Saturday, December 19, 2009

The dangers of overconfidence

Support for twelve-step programs' emphasis on powerlessness?
It doesn't end there. In a third study, the researchers contrived to influence beliefs about self-control by giving student smokers a bogus implicit test of impulse control. Later, the students were challenged to watch the film "Coffee and Cigarettes" whilst abstaining from smoking. They were promised a greater cash reward the more difficult they made the challenge for themselves. In this case, students given bogus test feedback indicating they had high self-control were more likely to opt for greater temptation - holding the cigarette in their hand rather than having it on the desk - and they were more likely to give in to that temptation.

Finally, Nordgren's team tested the idea that "restraint bias" could explain why drug addicts are so prone to relapse. They recruited 55 participants through a smoking-cessation programme, all of whom had been smoke free for at least three weeks. Those who said they had more impulse control also tended to say they wouldn't be trying so hard to avoid temptation, such as the company of other smokers. Four months' later, those with the inflated sense of impulse control were more likely to have relapsed.

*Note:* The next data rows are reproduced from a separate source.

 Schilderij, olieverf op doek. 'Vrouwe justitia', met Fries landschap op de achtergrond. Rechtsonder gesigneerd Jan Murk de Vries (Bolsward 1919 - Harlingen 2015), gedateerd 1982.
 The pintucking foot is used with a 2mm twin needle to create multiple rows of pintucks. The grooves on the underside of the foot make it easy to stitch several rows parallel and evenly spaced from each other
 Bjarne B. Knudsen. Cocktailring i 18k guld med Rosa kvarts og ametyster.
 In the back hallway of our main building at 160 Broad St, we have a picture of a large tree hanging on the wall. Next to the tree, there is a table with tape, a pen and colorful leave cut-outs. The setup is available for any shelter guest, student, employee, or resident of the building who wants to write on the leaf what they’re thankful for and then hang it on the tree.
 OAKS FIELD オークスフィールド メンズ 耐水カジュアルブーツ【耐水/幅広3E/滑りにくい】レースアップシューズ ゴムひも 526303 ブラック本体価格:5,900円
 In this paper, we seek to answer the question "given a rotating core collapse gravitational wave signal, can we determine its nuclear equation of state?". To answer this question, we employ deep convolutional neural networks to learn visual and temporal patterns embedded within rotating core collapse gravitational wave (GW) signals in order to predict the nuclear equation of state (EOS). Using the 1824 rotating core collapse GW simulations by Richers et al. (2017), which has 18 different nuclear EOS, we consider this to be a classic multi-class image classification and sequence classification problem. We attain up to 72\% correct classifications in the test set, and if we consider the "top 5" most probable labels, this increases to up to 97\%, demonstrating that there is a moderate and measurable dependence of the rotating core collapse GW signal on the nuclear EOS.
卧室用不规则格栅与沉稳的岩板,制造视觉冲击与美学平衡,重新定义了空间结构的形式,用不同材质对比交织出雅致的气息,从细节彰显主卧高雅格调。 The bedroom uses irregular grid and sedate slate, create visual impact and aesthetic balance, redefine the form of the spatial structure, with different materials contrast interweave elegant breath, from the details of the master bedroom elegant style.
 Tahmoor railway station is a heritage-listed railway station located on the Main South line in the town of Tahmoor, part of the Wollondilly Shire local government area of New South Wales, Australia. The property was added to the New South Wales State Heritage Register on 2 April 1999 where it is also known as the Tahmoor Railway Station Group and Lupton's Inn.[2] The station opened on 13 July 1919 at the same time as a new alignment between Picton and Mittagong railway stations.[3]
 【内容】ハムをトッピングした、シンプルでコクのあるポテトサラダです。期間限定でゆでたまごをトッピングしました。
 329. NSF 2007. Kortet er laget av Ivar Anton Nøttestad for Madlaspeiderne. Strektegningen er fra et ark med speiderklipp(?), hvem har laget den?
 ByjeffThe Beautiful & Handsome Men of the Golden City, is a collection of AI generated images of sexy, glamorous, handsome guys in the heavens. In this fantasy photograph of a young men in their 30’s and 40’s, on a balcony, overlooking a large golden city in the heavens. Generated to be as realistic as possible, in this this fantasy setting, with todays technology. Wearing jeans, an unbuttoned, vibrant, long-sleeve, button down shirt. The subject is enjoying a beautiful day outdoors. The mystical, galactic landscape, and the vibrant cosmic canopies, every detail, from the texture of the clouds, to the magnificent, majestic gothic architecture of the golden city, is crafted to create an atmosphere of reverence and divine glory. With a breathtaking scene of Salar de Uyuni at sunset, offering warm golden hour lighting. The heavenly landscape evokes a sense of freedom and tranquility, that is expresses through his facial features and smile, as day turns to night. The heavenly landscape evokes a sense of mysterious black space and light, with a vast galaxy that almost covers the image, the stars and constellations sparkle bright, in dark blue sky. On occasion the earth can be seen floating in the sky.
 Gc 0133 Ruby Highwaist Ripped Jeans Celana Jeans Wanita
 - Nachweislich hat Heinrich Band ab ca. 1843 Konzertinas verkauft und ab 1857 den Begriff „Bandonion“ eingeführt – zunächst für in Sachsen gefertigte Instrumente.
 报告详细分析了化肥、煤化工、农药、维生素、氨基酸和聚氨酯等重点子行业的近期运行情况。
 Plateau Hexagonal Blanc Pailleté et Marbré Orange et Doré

"The restraint bias suggests that people are willing to experiment with addictive drugs simply because they believe they can overcome the addiction," the researchers said. "An urgent task for future research is to test whether enduring shifts in impulse-control beliefs can be created."

Friday, December 18, 2009

Who me?

Discouraging news in terms of attraction to treatment:
A lack of perceived need for treatment is still a key reason for the low rate of treatment in people with alcohol-use disorder and for the lack of progress in reducing the scale of this problem, according to an analysis of recent large surveys in the United States.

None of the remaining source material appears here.